Из одного леска казаки переместились в другой, потом в третий, просочились сквозь прозрачную рощицу и лавой вынеслись на поле перед самой деревней.
Сотник скакал первым, пригнувшись к шее лошади и азартно покхекивая на ходу. Ему показалось, что от крайнего дома, где был вырыт окоп, сейчас по казакам хлестнет горячая пулеметная струя, рассечет пространство, и он, спасаясь от нее, пригнулся еще ниже, но в следующий миг поймал себя на этом и недовольно отплюнулся на скаку: еще не хватало скрываться за конской шеей. Ни за конскими шеями, ни за человеческими спинами он скрываться не привык.
Выхватив из ножен шашку, он заулюлюкал азартно, громко, зло. В конце улицы увидел заморенного, худого, как заяц по весне, полупарнишку-полустаричка, представителя рабочего класса Германии, кинулся за ним, тот совсем как обычный русский мужик сиганул через плетень и был таков.
– Шельма! – прорычал на ходу Семенов, крутанул над головой клинок – аж самому холодно сделалось от стального ветра, кулаком примял на темени папаху, чтобы не свалилась, прорычал вторично, то ли негодуя, то ли, наоборот, восхищаясь бесстыдно драпанувшим ландштурмистом: – Шельма!
Сбоку ударило два выстрела, оба из винтовки дуплетом – стреляли двое, один стрелок вряд ли бы успел так быстро перезарядить винтовку. Семенов махнул рукой влево, и в то же мгновение через забор легко перемахнули на лошадях два его казака.

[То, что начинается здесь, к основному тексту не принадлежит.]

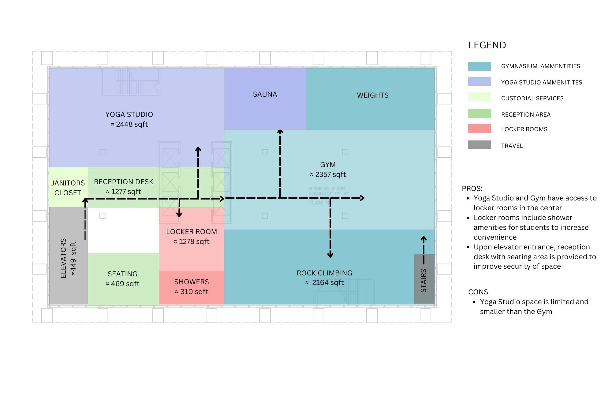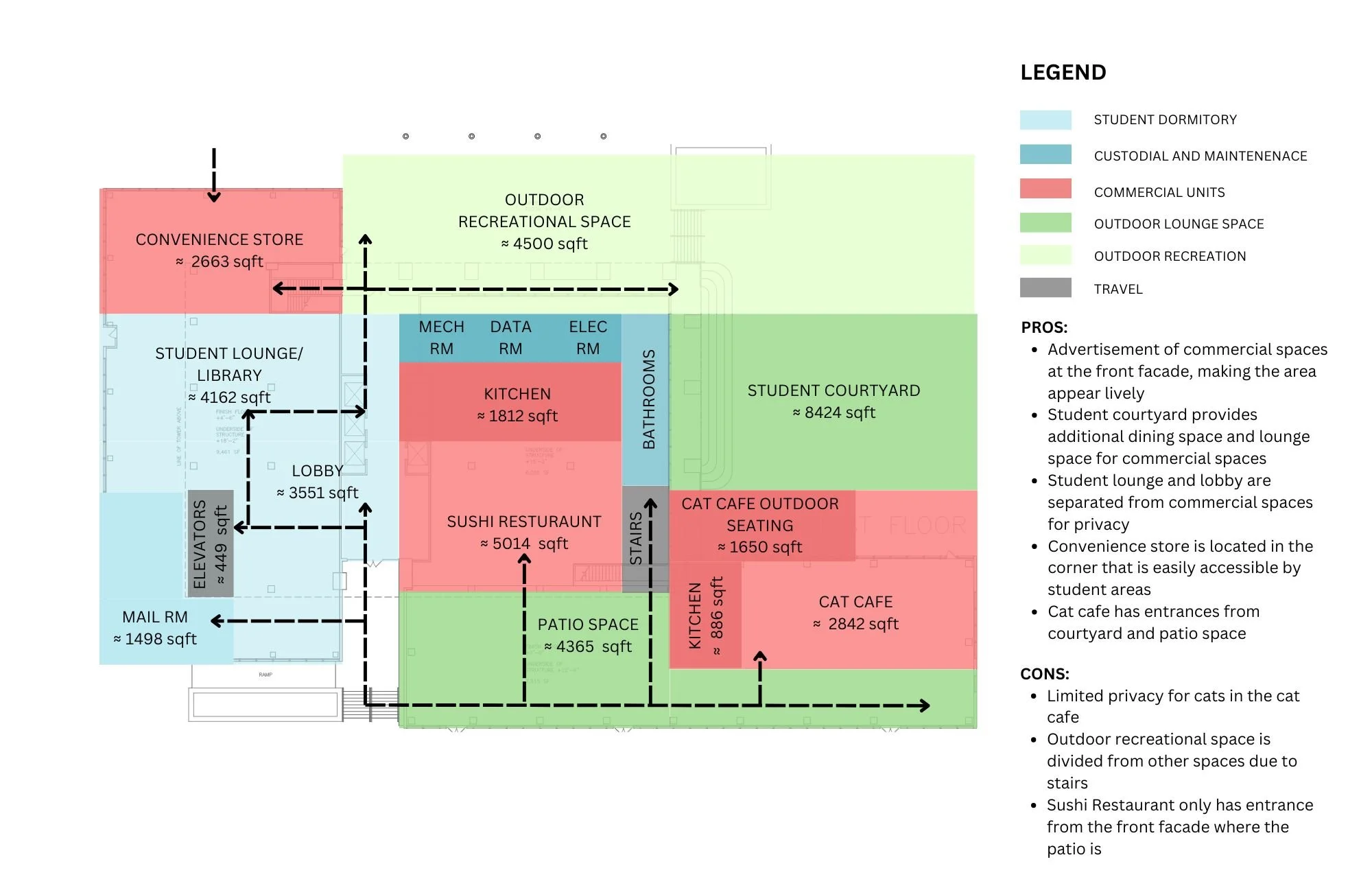 Rendered/Colored Floor Plans for the cat café, lobby, and gym space.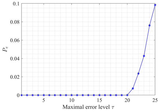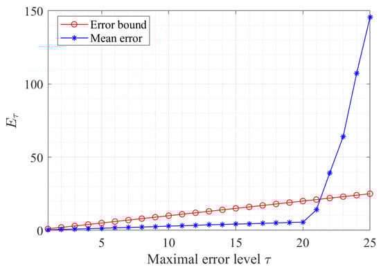 As shown in Figure 5b,d, if , the estimation error is bounded by , the probability of which is one. Once the maximal error level exceeds , the reconstruction error is almost unpredictable. In a word, our method outperforms the robust generalized CRT while slightly worse than the searching−based algorithm when . However, it’s worth pointing out that our method provides a closed−form solution that cannot be realized by the searching−based method. Then, we consider the real running time consumption, where the computing equipment is Lenovo xiaoxin Pro 13. The real running time of our method that runs for 125,000 times is about 7.96 s, while the robust generalized CRT proposed in [23] requires about 86.05 s since the algorithm involves a lot of loops. The searching-based method proposed in [29] sightly outperforms our method, which only needs about 5.75 s.
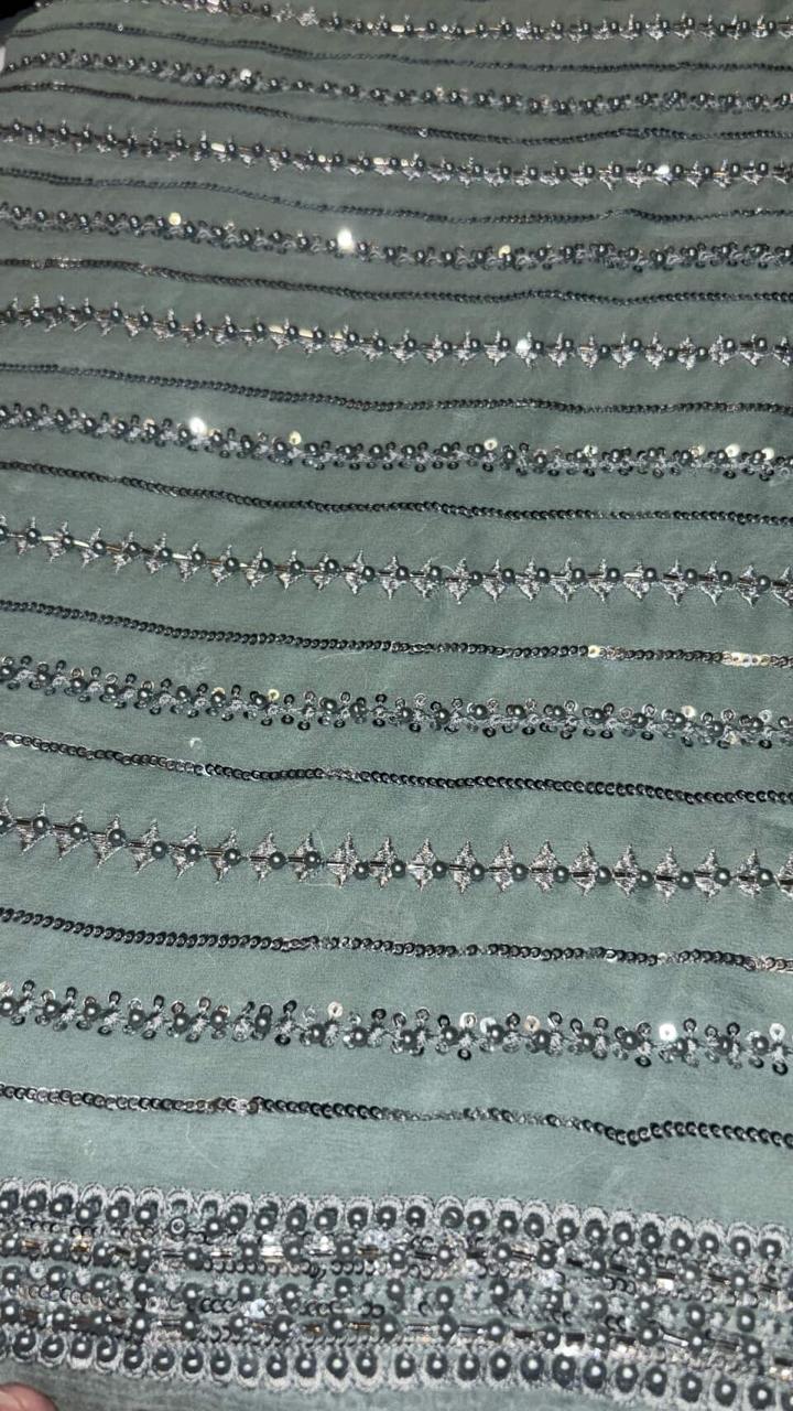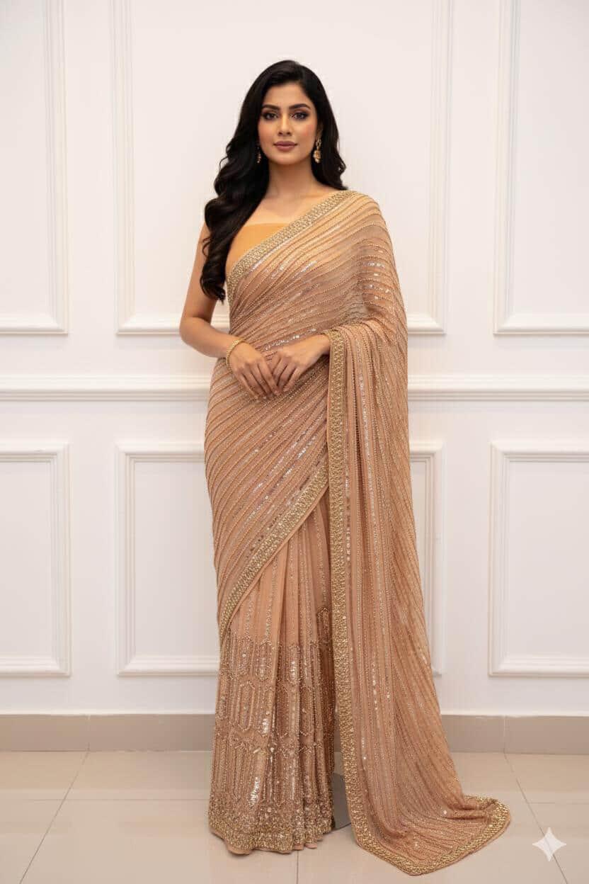 A beautifully fully embroidered peach saree.
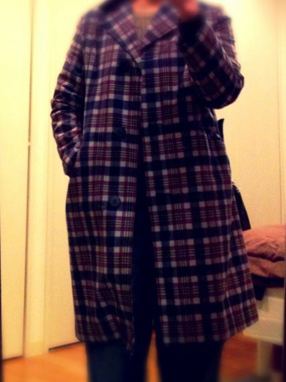 早く暖かくならないかなぁ~♪ そんな気分で買ってしまった 形が綺麗な古着のコート 古着好き? チェック好き?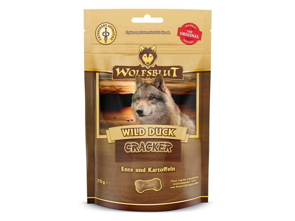Wolfsblut Dog Cracker Wild Duck představují zdravé a přirozené pamlsky pro psy, kteří si zaslouží jen to nejlepší. Receptura s kachním masem (49 %) nabízí lehce stravitelné bílkoviny a bohatou chuť, kterou si váš pes zamiluje.

Послышался истошный крик, уже ставший таким знакомым:
– Казакен!
Деревня Руда разбегалась. Ландштурмисты, словно тараканы, старались забраться в какую-нибудь щель, спасаясь от казаков; то там, то тут раздавались надрывные, словно вместе с нутром вывернутые наизнанку, крики:
– Казакен!
Семенов увидел прямо под собою, под брюхом коня, толстого, с выпученными глазами-маслинами ландштурмиста – турка либо грека, а может, и немца, родившегося на юге страны, – с кучерявящимися черными волосами, вылезающими из-под каски. Ландштурмист выкинул обе руки, загораживаясь от страшного казачьего клинка, Семенов хотел ткнуть его шашкой, как копьем, но передумал, остановил руку – жалко стало этого шашлычника. А тот, благодарно взвизгнув, откатился к плетню, Семенов пронесся мимо, упрекнул себя за недозволенную на войне мягкотелость, отплюнулся привычно.
Жалко было рубить стариков. Кто Германию будет восстанавливать, когда закончится война и русские победят? Не победителям же брать в руки лопаты с мастерками. Не было у Семенова никакого чутья. А с другой стороны, не это было важно, не это главное. Главное, чтобы шашка во время удара о вражескую черепушку не вылетала из руки.
Семенов снова отплюнулся.
Одного ландштурмиста он все-таки зарубил – тот, с длинным лошадиным лицом и жесткой щеткой волос на голове, ощерил зубы, ткнул в сторону сотника плоским, похожим на нож для резки хлеба штыком, Семенов даже усмехнулся – и чего это дедушка пыряет в него штыком за десять метров, от страха спятил, что ли, но в следующий миг, словно что-то предупредило сотника об опасности, он резко послал коня в сторону. Сделал это вовремя. Успел. Пуля, которую выпустил ландштурмист, чиркнула по погону, сорвала его, сотник даже ощутил жар раскаленного металла.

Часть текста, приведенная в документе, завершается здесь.